De l’encre pigmentée trace un parcours à travers le champ d’une feuille. Il bute sur des aspérités, des rebords, de légers creux dans le papier gaufré. Il glisse le long de ces obstacles. Il change de direction. Il dérape, décolle avec élan, les franchit en bondissant. Une ligne abstraite se poursuit inlassablement et semble délimiter elle-même le cadre dans lequel elle évolue : de franches lignes traversant le plan, s’arrêtant abruptement à une limite invisible. D’hésitants va-et-vient, des avancées qui rebroussent chemins, des défilements en biais, des tortillements, de timides excursions dans les alentours des plus proches, des sautillements, des martèlements sur place, des retours obstinés aux bords et aux recoins de la surface. Et à nouveau des élancées droit devant traçant des sillons, affinés par la vitesse d’exécution.

Ainsi se produit le dessin. Au fur et à mesure l’enchevêtrement des lignes graphiques devient de plus en plus dense. Abstraits, mais nullement aléatoires, les tracés obéissent parfaitement aux règles qui les régissent. Ils sont produits par des lois physiques qui travaillent leurs outils : ils sont provoqués à l’intérieur d’une « machine à dessiner » par les secousses, accélérations, ralentissements et changements de direction que celle-ci subit et enregistre tel un sismographe. Portée à même le corps, fixée sur le porte-bagage d’un vélo, posée dans une voiture ou dans un mobile spécialement conçu pour être tiré à bicyclette, cette « machine » témoigne graphiquement du parcours et des performances que j’entreprends :

Traverser le pont de l’Europe - la frontière franco-allemande à Strasbourg - 28 fois (pour chaque pays européen une fois) aussi vite que je peux. Franchir 101 fois une barrière anti-émeute. Traverser les Alpes en plusieurs jours sur les plus petites routes. Rentrer dans tous les Consulats à Strasbourg le jour des droits de l’homme. Suivre durant 9h l’ancien tracé du mur de Berlin en zigzaguant d’est en ouest le jour anniversaire de la chute du mur. Tenter de pénétrer dans les 160 ambassades présentes à Bruxelles et négocier avec l’ambassadeur l’application du sceau de son pays. Faire en voiture un parcours d’obstacles en passant 4 frontières, 3 chaînes de montagnes, 4 cols, 9 fleuves, 49 rivières, 6 viaducs, 1 barrage hydraulique et de nombreux tunnels.
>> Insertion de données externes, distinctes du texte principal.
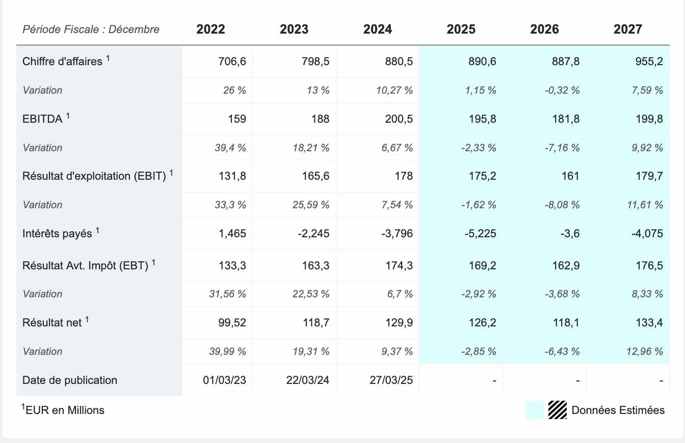 « Le milliard d'euros [de revenus] n'est pas si loin », estime Philippe Santi. En signe de confiance, le groupe va distribuer 70 % de son bénéfice 2025, pour maintenir le dividende à 1,05 €, et effectuera en juin sa traditionnelle attribution gratuite d'actions.

Pas de « spectateurs » pour ces performances : seuls les passants, les personnes rencontrées (le personnel des consulats et des ambassades par exemple) peuvent en témoigner. La seule véritable documentation de ces performances (qui en sont aussi dans le sens « exploit» du terme, exploit physique, stratégique, de force de conviction, d’élan) sont les dessins. Les impulsions et hésitations, les franchissements et les endroits où la ligne bute, content sur la feuille un récit après coup. Ces lignes ne sont plus abstraites, elles tracent une carte qui témoigne de chacun de mes pas, de ma façon de pédaler, des chutes, de mes respirations, de la rencontre avec d’autres qui ont eux aussi manipulé « la machine », de l’énergie avec laquelle j’ai pu prendre des virages. À fond !

Ainsi, aussi indiciels qu’ils soient, les dessins déterminés par une action proposent une ouverture. Même si les « phrases graphiques » du récit se sont constituées au plus près de mon expérience, ils racontent cependant - dans l’imaginaire de celui qui regarde les regarde - une histoire différente, nouvelle. La « vraie histoire », dont le spectateur n’en trouve qu’une information limitée et objective (intitulé inscrit sur le dessin), est pour cet imaginaire un point de départ. On peut y sauter comme sur un trampoline.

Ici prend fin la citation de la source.